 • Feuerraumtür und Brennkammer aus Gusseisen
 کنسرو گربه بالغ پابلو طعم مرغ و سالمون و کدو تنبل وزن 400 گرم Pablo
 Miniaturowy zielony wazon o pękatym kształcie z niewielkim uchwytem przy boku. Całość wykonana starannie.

□ □ □

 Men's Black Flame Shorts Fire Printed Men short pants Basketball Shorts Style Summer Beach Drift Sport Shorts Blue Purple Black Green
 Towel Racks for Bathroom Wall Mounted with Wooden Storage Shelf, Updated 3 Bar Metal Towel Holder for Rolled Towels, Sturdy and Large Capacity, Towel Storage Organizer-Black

□ □ □

▶ **PROBLEM DESCRIPTION**
Reproduce, character for character, only the lines of the preceding data that start at the line with "Brennkammer aus Gusseisen" and end at the line with "Miniaturowy zielony wazon", both included.

▶ **RESULT FOR THIS TASK**
 • Feuerraumtür und Brennkammer aus Gusseisen
 کنسرو گربه بالغ پابلو طعم مرغ و سالمون و کدو تنبل وزن 400 گرم Pablo
 Miniaturowy zielony wazon o pękatym kształcie z niewielkim uchwytem przy boku. Całość wykonana starannie.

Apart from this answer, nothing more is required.